In order to get the output of the neuron, we need to calculate the weighted sum of all the inputs and weights of the connections. After that, we add bias to the sum and apply the activation function. Mathematically, we define the weighted sum as:

(1)   \begin{align*} z^{(i)} = w_{1}x_{1}^{(i)} + w_{2}x_{2}^{(i)} + .. .+ w_{k}x_{k}^{(i)} + b, \end{align*}

where w_{i} are weights, x_{i} are inputs and b bias. After that, an activation function is applied to the weighted sum z^{(i)}, which represents the final output of the neuron:

artificial neuron

3.2. Activation Functions

There are several types of activation functions that we can use in regular neural networks. For instance, we define a sigmoid function as:

(2)   \begin{align*} s(x) = \frac{1}{1 + e^{-x}} \end{align*}

and we almost always use it as an output neuron in binary classification because of its definition. For hidden layers is usually better choice the hyperbolic tangent function that we define as:

(3)   \begin{align*} \tanh(x) = \frac{e^{x}-e^{-x}}{e^{x}+e^{-x}}. \end{align*}

This function has a very similar graph to the sigmoid function. The most significant difference is that the codomain of the sigmoid is between 0 and 1, while the codomain of the hyperbolic tangent is between -1 and 1. The hyperbolic tangent empirically produces better results because the mean value of the output from this function is closer to zero, which centers data and allows for more accessible learning in the next layer.

One drawback of both these activation functions is that they have a tiny gradient value for a bigger input value, implying that the function’s slope is close to zero at these points. This is known as the vanishing gradient problem, and it can be solved by normalizing the input data to a suitable range or using different activation functions. A generally popular function in machine learning and does not make this issue is known as a rectified linear unit (ReLU). We define this function as:

(4)   \begin{align*} ReLU(x) = max(x,\ 0). \end{align*}

Even though this function is not differentiable at x=0, we explicitly take 0 or 1 as derivative at that point, which is also the only value of the derivative at all other points in the domain.

However, this function is not ideal because it can result in a “dead neurons” problem, which occurs when the activation function values are always zero. The ReLU function returns zero for negative input values, which are frequently caused when bias has a large negative value relative to other weights.

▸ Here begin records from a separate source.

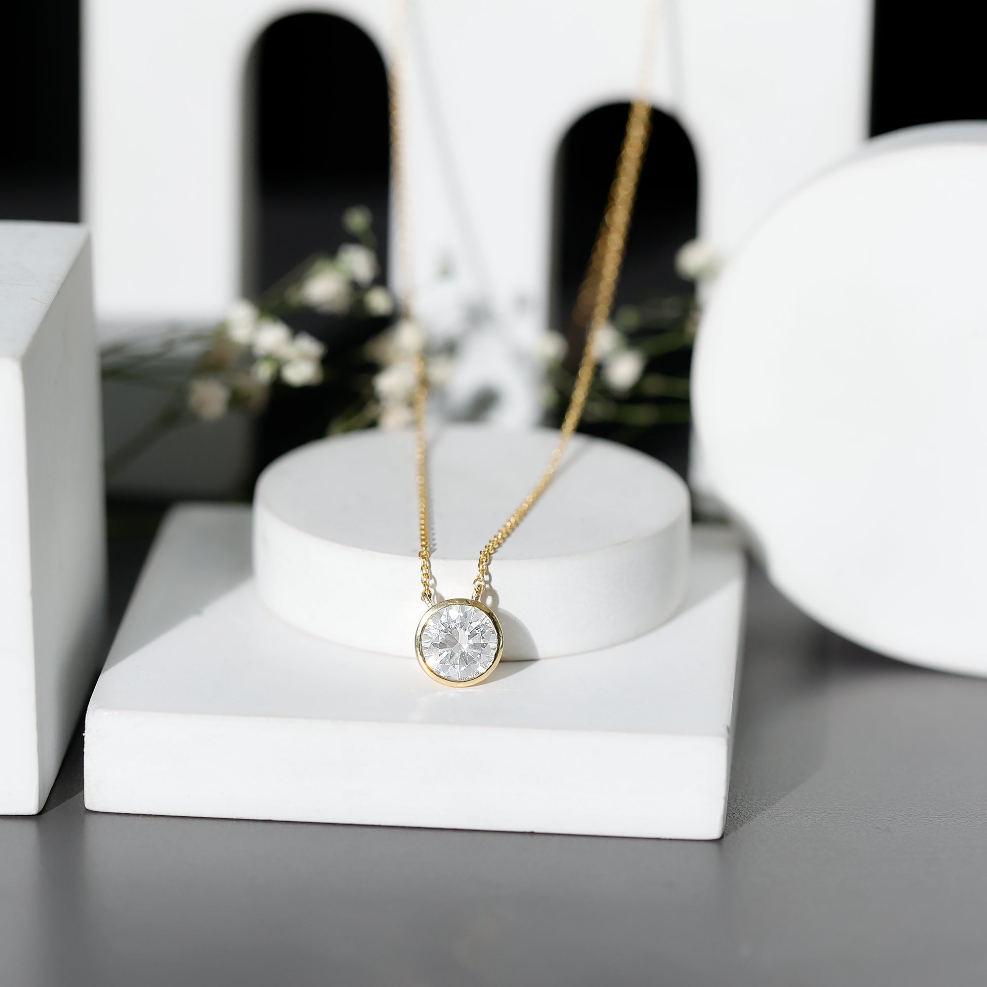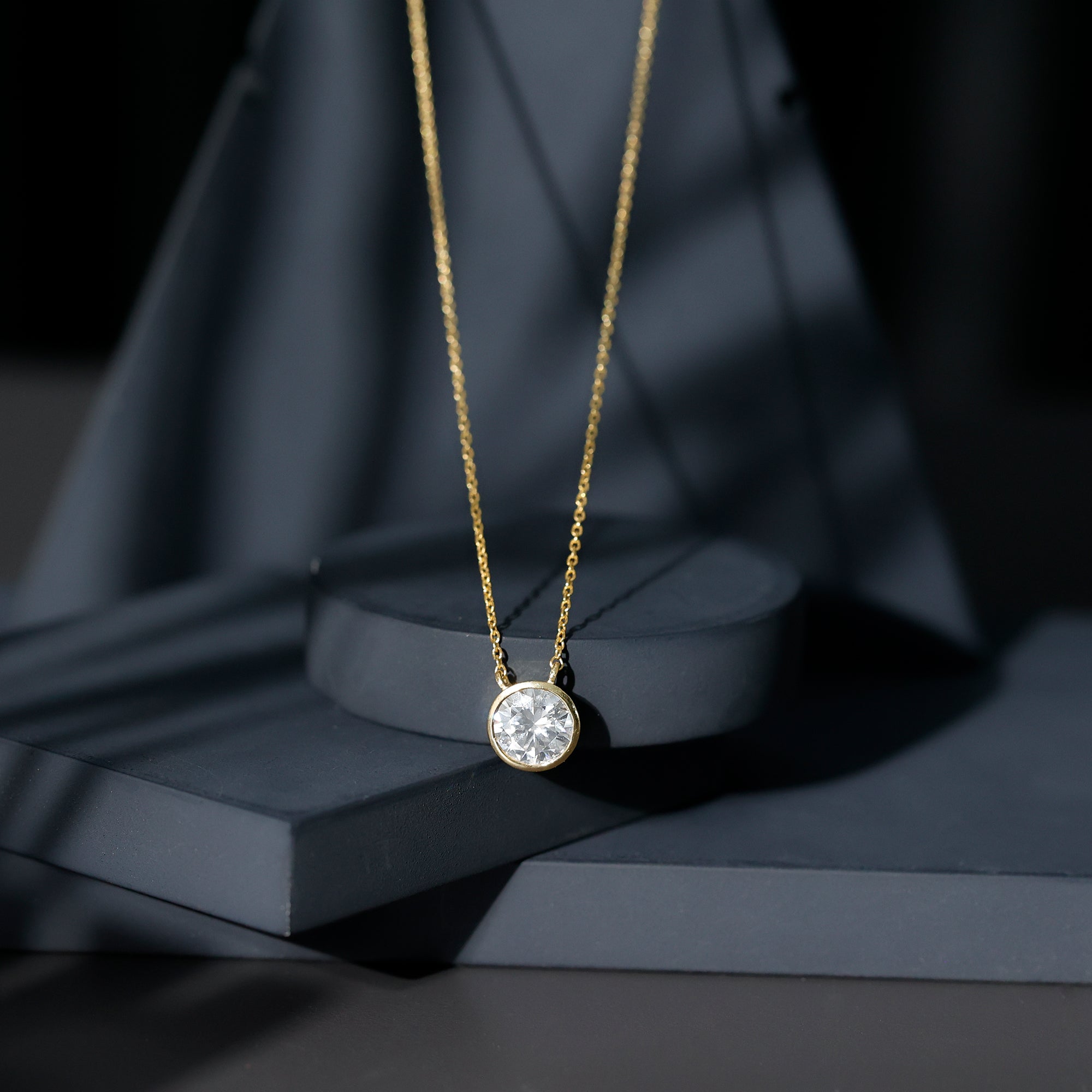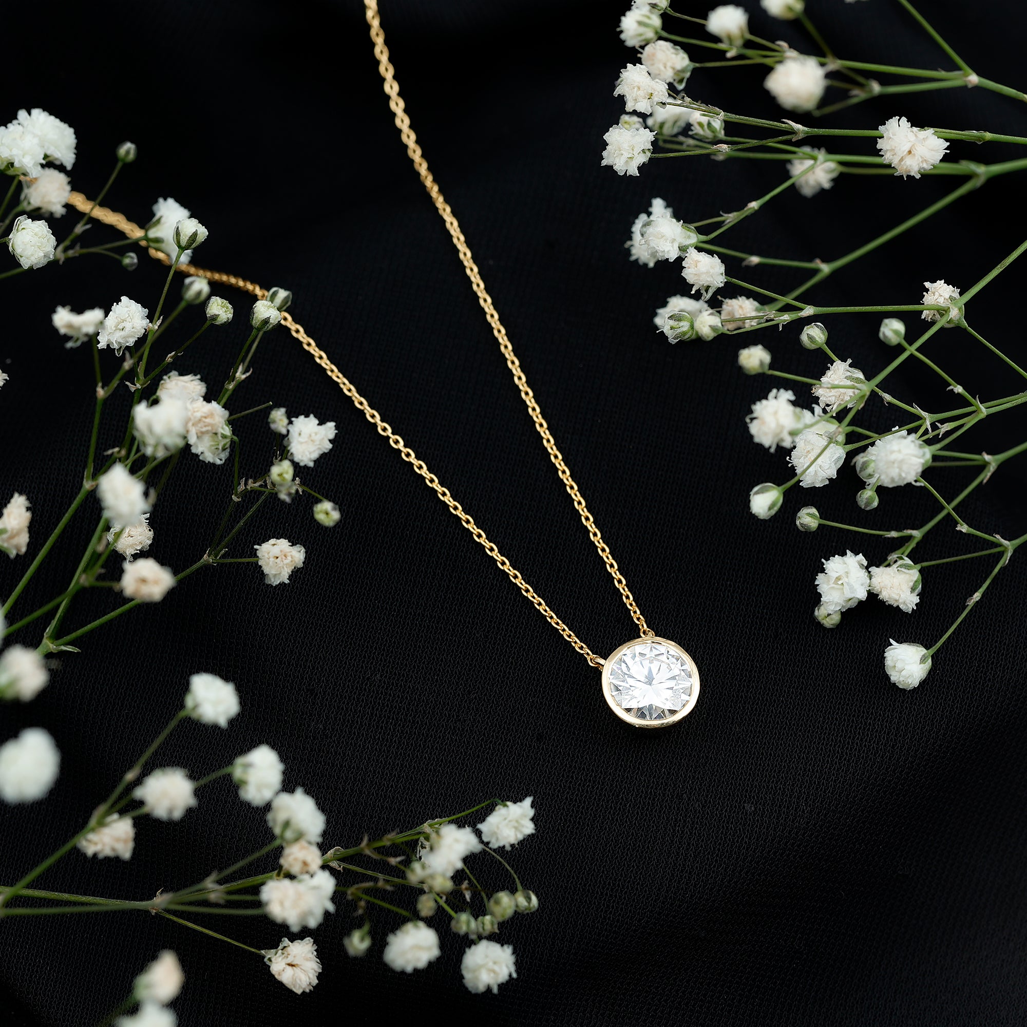Enhance the significance of your special occasion with this exquisite Solitaire Necklace featuring a Round-Shaped Moissanite in a Bezel Setting. The Moissanite necklace boasts a minimalist design and is expertly crafted in solid gold.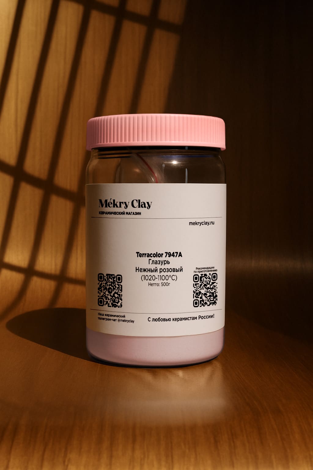 Непрозрачная блестящая розовая глазурь. Выглядит одинаково на разных глинах.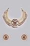 Featuring a gold foil finish necklace studded with red stones, set in mixed metal. It is paired with a matching pair of earrings.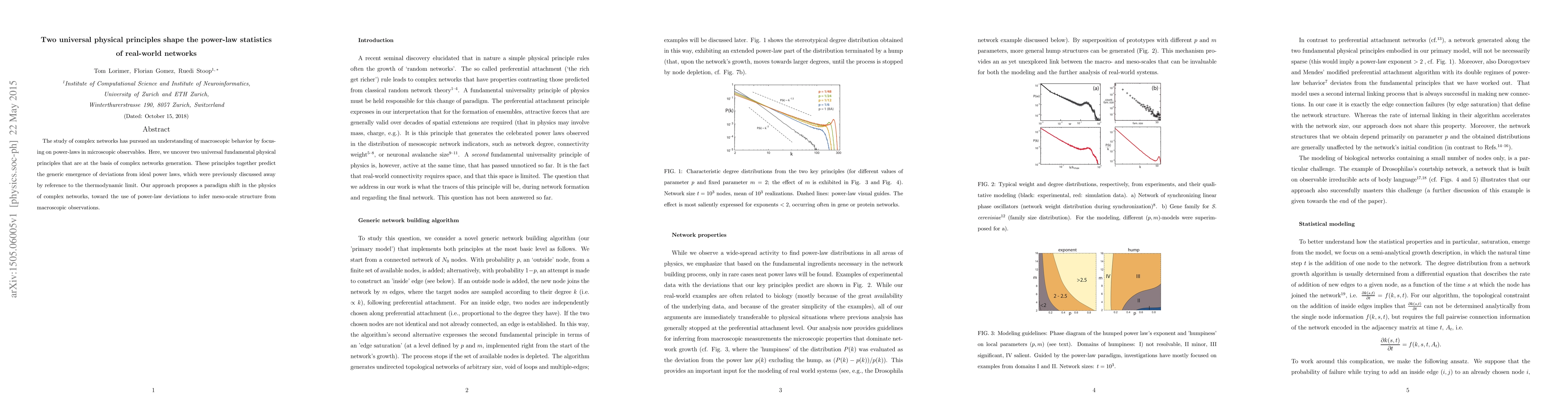 The study of complex networks has pursued an understanding of macroscopic behavior by focusing on power-laws in microscopic observables. Here, we uncover two universal fundamental physical principles that are at the basis of complex networks generation. These principles together predict the generic emergence of deviations from ideal power laws, which were previously discussed away by reference to the thermodynamic limit. Our approach proposes a paradigm shift in the physics of complex networks, toward the use of power-law deviations to infer meso-scale structure from macroscopic observations.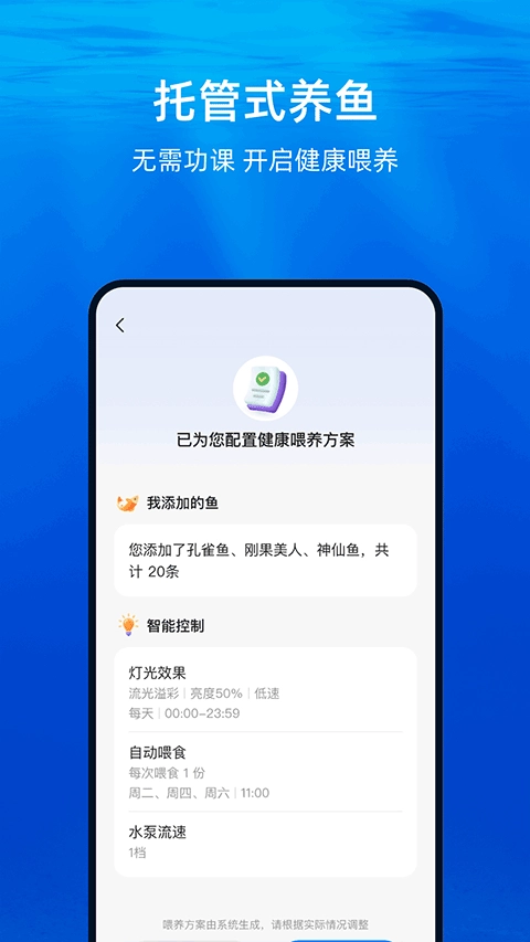 2、智能提醒服务:一旦出现水质异常、鱼食短缺等状况,系统会立即推送提醒信息。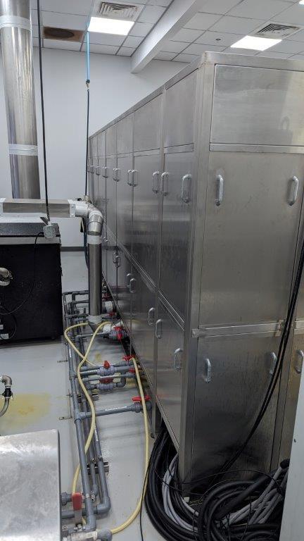All specifications are assumed to be correct but must be confirmed by the purchasing entity.,ELECTRICAL REQUIREMENTS POWER SUPPLY: 240V / 3-phase / 60Hz / 59 Amps All specifications are assumed to be correct but must be confirmed by the purchasing entity.,DIMENSIONS TANK (EACH): 10” (L) x 14” (W) x 10” (H), 8″ liquid depth All specifications are assumed to be correct but must be confirmed by the purchasing entity.,CONSOLE: 172” (L) x 34” (W) x 38” (H) All specifications are assumed to be correct but must be confirmed by the purchasing entity.,OVERALL SYSTEM WITH CTS-250: 201” (L) x 41” (W) x 84” (H) All specifications are assumed to be correct but must be confirmed by the purchasing entity.,WEIGHT MAX BASKET LOAD (STANDARD CONFIG): 35 lbs All specifications are assumed to be correct but must be confirmed by the purchasing entity.,MAX BASKET LOAD (OPTIONAL CONFIG): Up to 200 lbs (spring adjustment required) All specifications are assumed to be correct but must be confirmed by the purchasing entity.,PROCESS STATIONS (10 total) Load Station All specifications are assumed to be correct but must be confirmed by the purchasing entity.,Ultrasonic Immersion Wash All specifications are assumed to be correct but must be confirmed by the purchasing entity.,Ultrasonic Spray-Over-Immersion Rinse All specifications are assumed to be correct but must be confirmed by the purchasing entity.,Nitric Acid Passivation (30%) All specifications are assumed to be correct but must be confirmed by the purchasing entity.,Citric Acid Passivation All specifications are assumed to be correct but must be confirmed by the purchasing entity.,Neutralization All specifications are assumed to be correct but must be confirmed by the purchasing entity.,Ultrasonic Spray-Over-Immersion Rinse All specifications are assumed to be correct but must be confirmed by the purchasing entity.,Spray-Over-Immersion Rinse All specifications are assumed to be correct but must be confirmed by the purchasing entity.,Recirculating Hot Air Dry (Max Temp: 230°F) All specifications are assumed to be correct but must be confirmed by the purchasing entity.,Unload Station (Gravity Roller Conveyor) All specifications are assumed to be correct but must be confirmed by the purchasing entity.,TANK CONSTRUCTION & MATERIALS TANKS: 316L Stainless Steel, #2B finish All specifications are assumed to be correct but must be confirmed by the purchasing entity.,FRAME: 304 Stainless Steel All specifications are assumed to be correct but must be confirmed by the purchasing entity.,ACCESS PANELS: 304 SS sliding and lift-out All specifications are assumed to be correct but must be confirmed by the purchasing entity.,COUNTERTOPS & BASE PLATE: 304 SS All specifications are assumed to be correct but must be confirmed by the purchasing entity.,PLUMBING: 300 series SS, Viton O-rings, Teflon encapsulated seals All specifications are assumed to be correct but must be confirmed by the purchasing entity.,CONTAINMENT: Spill containment pan holds 110% of largest tank volume All specifications are assumed to be correct but must be confirmed by the purchasing entity.,FLUID & AIR REQUIREMENTS DEIONIZED WATER: 1–3 GPM continuous, 4–6 GPM on demand @ 30–35 psi, 1–2 MΩ All specifications are assumed to be correct but must be confirmed by the purchasing entity.,COMPRESSED AIR (CDA): 65–70 CFM @ 30 psi All specifications are assumed to be correct but must be confirmed by the purchasing entity.,SHOP AIR: 1–2 CFM @ 60 psi All specifications are assumed to be correct but must be confirmed by the purchasing entity.,DRAIN: Unrestricted floor drain required All specifications are assumed to be correct but must be confirmed by the purchasing entity.,ULTRASONIC SYSTEM FREQUENCY: 132 kHz All specifications are assumed to be correct but must be confirmed by the purchasing entity.,ULTRASONIC POWER: 500 watts per tank, MW500 HMI/132 Generator All specifications are assumed to be correct but must be confirmed by the purchasing entity.,TRANSDUCERS: 12 modules direct bonded to tank bottoms All specifications are assumed to be correct but must be confirmed by the purchasing entity.,HEATING SYSTEM HEATERS: 2000W per tank (strip heat) All specifications are assumed to be correct but must be confirmed by the purchasing entity.,TEMP CONTROL: PLC-controlled with RTD probes All specifications are assumed to be correct but must be confirmed by the purchasing entity.,MAX TEMPS: All specifications are assumed to be correct but must be confirmed by the purchasing entity.,Station #2, 3, 7: 160°F All specifications are assumed to be correct but must be confirmed by the purchasing entity.,Station #4, 5, 6: 120°F All specifications are assumed to be correct but must be confirmed by the purchasing entity.,Station #8: 140°F All specifications are assumed to be correct but must be confirmed by the purchasing entity.,Station #9 (Dryer): 230°F All specifications are assumed to be correct but must be confirmed by the purchasing entity.,MONITORING & SENSORS CONDUCTIVITY: 0.01–10,000 µS, 3-point range All specifications are assumed to be correct but must be confirmed by the purchasing entity.,PH: 0–14 range, sensors in Neutralize and Wash Stations All specifications are assumed to be correct but must be confirmed by the purchasing entity.,SAFETY SENSORS: EMO button, emergency pull cable, basket sensors All specifications are assumed to be correct but must be confirmed by the purchasing entity.,BARCODE SYSTEM: Rack tracking and recipe recall All specifications are assumed to be correct but must be confirmed by the purchasing entity. |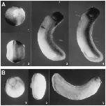XL75 probe (1), a neurula (St. 19) labelled with XL43 probe (2), and a tailbud stage (St. 33) hybridized with XL75 probe (3). Only background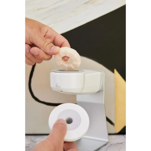LESSEAU Solid Hand Soap er et plantebasert såpestykke som doserer et fint håndvaskpulver. Den er laget med 99% naturlige ingredienser, som kakao, kokosnøttolje og oliven, helt uten palmeolje. Såpen skaper et fyldig skum som gjør hendene myke og glatte, og gir en behagelig brukeropplevelse. Med sin altomfattende, rike formulering, imponerer kundene dine med en minneverdig opplevelse de vil ønske å dele, og skaper en differensiert 'wow-faktor'. Brukes i kombinasjon med LESSEAU dispensere. - En pleiende og sofistikert håndsåpe som gir en behagelig opplevelse både under og etter bruk - Unngå å gå tom for såpe med funksjonen for dobbel påfylling, som sikrer at det alltid er såpe tilgjengelig - Dermatologisk testet - Null håndvaskavfall: 100% av den faste håndsåpen som etterfylles i LESSEAU-dispenseren blir brukt - Brukes sammen med en stilren, hvit eller svart berøringsfri dispenser - 300 doseringer per såpe/2 såper per refill - Plantebasert, plastfri emballasje - Med parfyme (blomsterduft)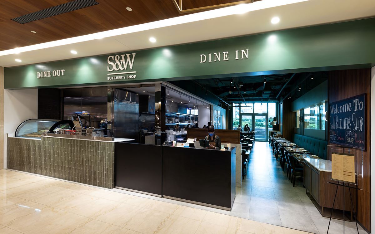 圖片來源:Smith & Wollensky S&W Butcher’s Shop入口左側為DINE OUT主餐沙拉外帶櫃台,右側為DINE IN內用餐廳區,占地60坪,共有50席座位,整體裝潢延續主品牌Smith &Wollensky的綠色系與木質調,選用柔和樸質的蒼松綠與卡其色來凸顯年輕氣質,餐廳內部的大片落地窗為空間增添光影變化,半開放式廚房讓用整體用餐氛圍更加生動活潑,牆面則是以各地分店的照片作為點綴。肉舖商店為於餐廳的右側,為獨立銷售空間,販售各式生肉品項如Smith & Wollensky乾式熟成牛排、美國PRIME等級牛肉、台灣雲林究好豬排….等,另有銷售S&W自有酒款與餐飲用具,預計四月中開始營業。

When the gradient value is calculated, it’s again equal to zero, so the weights aren’t updated, creating a vicious circle in which neurons rarely differ from zero. We can solve this problem by modifying the ReLU function into a leaky rectified linear unit (LReLU) that we define as:

(5)   \begin{equation*} LReLU(x)= \begin{cases} x & \text{if $x \geq 0$}, \\ a\cdot x & \text{else,} \end{cases} \end{equation*}

where a is usually a small constant, for example a=0.01. Graphs of the mentioned functions are presented below:

activations

3.3. Applications

There is a wide range of fields where we can use fully-connected neural networks. Basically, everything related to classification and regression we can solve, at least theoretically, with fully-connected neural networks. Some concrete applications are:

  • Stock market prediction
  • Classification of spam messages
  • Forecasting social trends
  • Weather forecasting
  • Portofolio management
  • Credit rating prediction
  • Fraud detection and similar

4. Convolutional Neural Networks

A convolutional neural network (CNN) is a type of neural network that has at least one convolution layer. We use them for obtaining local information, for instance, from neighbor pixels in an image, and to reduce the overall complexity of the model in terms of the number of parameters.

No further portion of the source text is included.